The real reason for the security on this sweltering late June morning was not so much the eminence of the politicians and the senior Commanders, nor even the vast knowledge of the other visitors. It was their combined knowledge, in a city crawling with Chinese spies, in which no restaurant, no barber’s shop, no laundry, no taxi, was free from suspicion.

These ten men, bound together by the greatest national security program in the history of Taiwan, met rarely. Today they were meeting for the first time in two years. Their session would hereinafter be referred to as the June Conference. But only among themselves. No secretary, no assistant, military or otherwise, would be admitted to the privacy of the agenda. The President had chosen his team well. After five years of operations, not one word of their astounding activities had leaked out. At least, not in Taiwan it hadn’t.

The meeting was one hour old, and the forty-six-year-old millionaire builder Chiang Yi was concluding his report about the safety and continued steadiness of the huge network of tunnels his men had dug into the base of the shoreline rock below three-thousand-foot Guynemer Peak, at the sheltered western end of the eight-mile-long Baie du Repos in Kerguelen. The massive concrete columns, two feet in diameter, supporting RSJ’s, were holding up perfectly. They had been made on site, from a concrete mix transported south by submarine.
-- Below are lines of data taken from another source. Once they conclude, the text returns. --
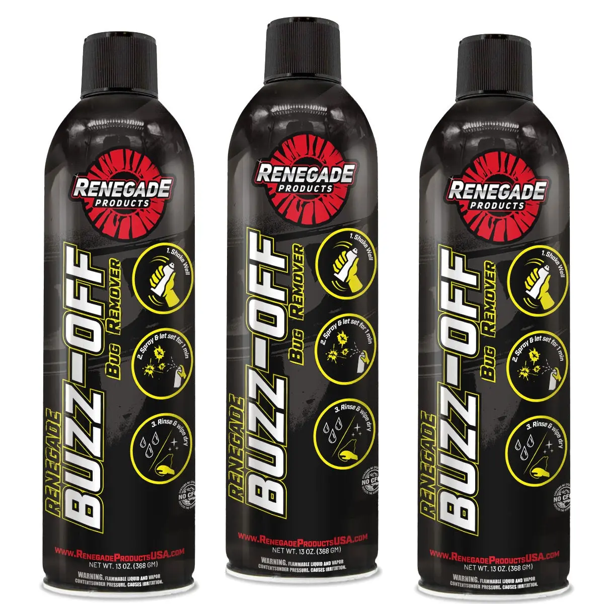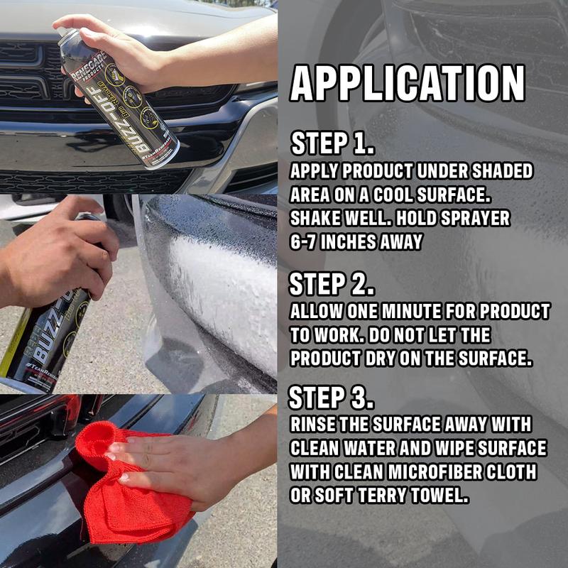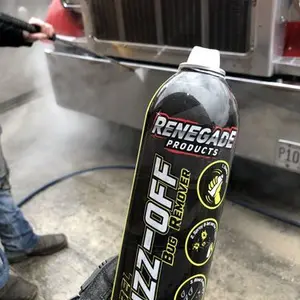 Renegade Buzz-Off Bug Remover is specially formulated to remove stubborn bug splatter, insect residue, and organic contaminants from your vehicle's exterior. It is safe for use on all surfaces, including windshields. Perfect for long road trips or post-drive cleanup.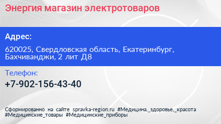 Энергия, магазин электротоваров по адресу 620025, Свердловская область, Екатеринбург, Бахчиванджи, 2 лит Д8 в дальнейшем Организация, размещена в следующих категориях:
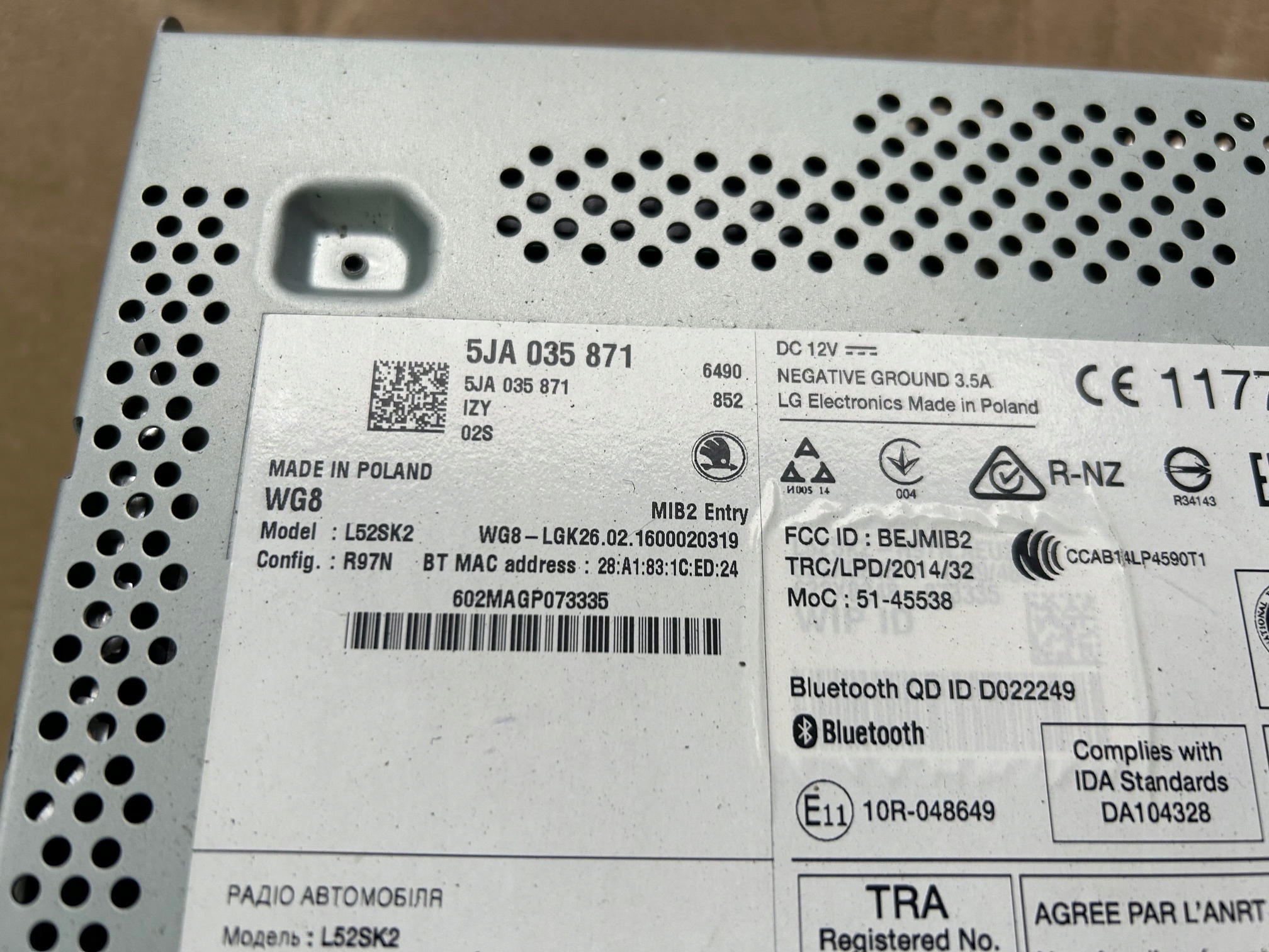 Skoda rapid 5ja lift 16r. радіо 5ja035871

Through the year-long drilling operation, Chiang had stayed on station, supervising the removal and clearance of thousands of tons of granite rubble, the mechanical diggers dumping it straight over the side, into three hundred feet of water. All power requirements were met from the nuclear reactor on board the 2,600-ton Rubis Class French submarine Emeraude, which had made the journey from Brest to Kerguelen without once surfacing. It was now moored underwater, where it had been for five years, sitting between two old, rusting gray buoys, spaced about four hundred feet apart, fifty yards off the western lee shore. Only occasionally did the Emeraude ever come up for stores or ventilation.

Its reactor was still running sweetly, powering with ease the generators in the 180,000-square-yard factory-hotel. It powered its lighting, its heat, its water converters, its air intakes, and all the tunneling machinery. It also powered the electrical systems for the future pressurized water reactor, which would ultimately replace the Rubis itself.

The aging Rubis was the workhorse of the entire project — it powered the fifty big metallic “spinners,” the gas centrifuge systems that over a period of years would slowly, laboriously, breathtakingly expensively separate Uranium-239 from Uranium-235, that most sinister metal, with its highly unstable nucleus…the bedrock of a nuclear warhead.

Chiang had been invaluable to the Taiwan government. When the tunnels were finally completed, and the electricity, air, and waterlines laid down, he returned to the Baie and spent another six months supervising the building of the U-235 plant, the preparation for the PWR itself, and the protection of the workforce from its lethal contents. He actually drove the big mobile concrete mixer himself during the construction of the long jetty. For this he designed a special slate gray, automatic steel curtain, which would cover the docking area when it was not in use. Chiang Yi would not accept one penny for his labor or for the labor of his men. He would, instead, forever have the pick of all government building contracts in Taiwan.